Effective as of the Closing Date, the Public Entity Trust is hereby granted a residual equity interest in the Recovery Authority, pursuant to which it shall receive a distribution of the remaining assets of the Recovery Authority, if any, after the Restructuring Bonds, Financing Costs and other indebtedness of the Recovery Authority have been paid in cash in full or otherwise discharged pursuant to the terms of the Ancillary Agreements.  The Public Entity Trust shall have no rights or remedies in respect of such residual equity interest other than the right to a distribution, if any, upon the dissolution of the Recovery Authority, in accordance with this Act and the Ancillary Agreements.”

Article 11.- Article 305 of Act 109-2017, known as the Government Development Bank for Puerto Rico Debt Restructuring Act, is hereby amended to read as follows:

“Article 305.– Distribution of Public Entity Trust Assets.

The Public Entity Deed of Trust shall set forth the manner in which the Public Entity Trust Assets and any other funds or assets transferred or received, or to be transferred or received by the Public Entity Trust shall be distributed among the Designated Depositors, and shall establish the priority of payment and allocation among the Designated Depositors (including with respect to claims identified by AAFAF as corresponding to federal funds).” 

Article 12.- Article 401 of Act 109-2017, known as the Government Development Bank for Puerto Rico Debt Restructuring Act is hereby amended to read as follows:

“Article 401.– Issuance of the Restructuring Bonds.

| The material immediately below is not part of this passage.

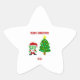 Here you can admire one of Christmas drawings, I call, "Christmas FrankenCheese," FrankenCheese dressed up as Santa, with a decorated Christmas tree, text says, "Merry Christmas." You can now order, "Christmas FrankenCheese," on this star sticker to wish someone a, Merry Christmas."
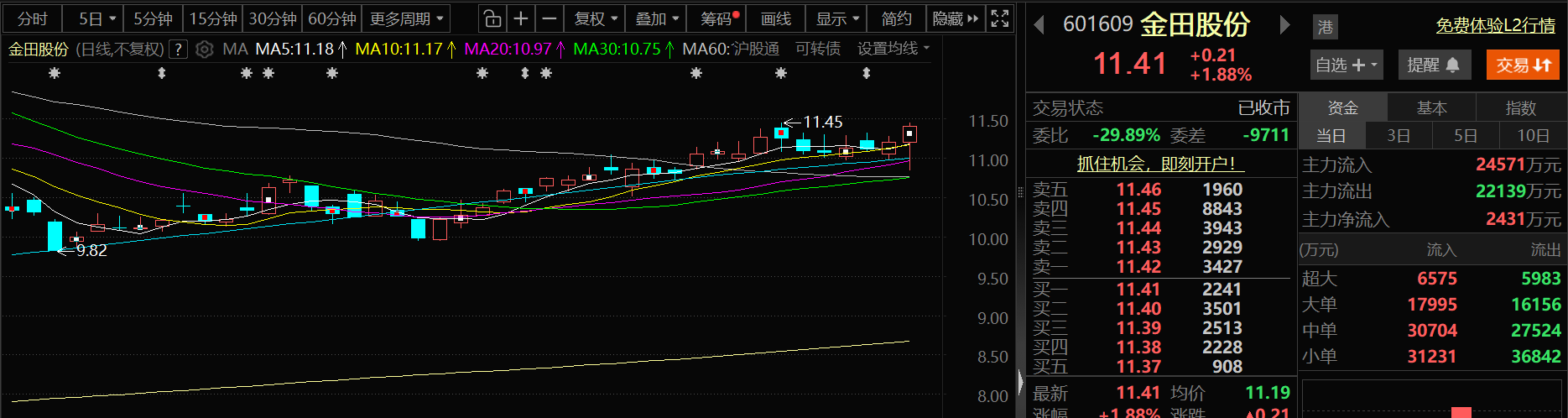 1月20日,金田股份股价出现上涨,截至20日收盘,金田股份涨1.88%,报11.41元/股。

(b) The Restructuring Bonds may be issued from time to time pursuant to the Bond Indenture under the terms and conditions authorized by the Recovery Authority and set forth in the Restructuring Resolution.

(c) The Restructuring Bonds shall be dated, shall bear interest at such rate and shall mature at such time or times, not less than one (1) year and not exceeding twenty-five (25) years from their date or dates of issuance, as may be determined by the Recovery Authority and authorized in the Restructuring Resolution in accordance and consistent with the Qualifying Modification. The Recovery Authority shall determine the form of the Restructuring Bonds and the manner of execution of the Restructuring Bonds, and shall fix the denomination or denominations of the Restructuring Bonds and the place or places of payment of principal thereof and interest thereon and the other terms thereof, all in accordance and consistent with the Qualifying Modification.

(d) …

…”

Article 13.- Article 403 of Act 109-2017, known as the Government Development Bank for Puerto Rico Debt Restructuring Act is hereby amended to read as follows:

“Article 403.- Authorization of Actions by GDB and the Recovery Authority.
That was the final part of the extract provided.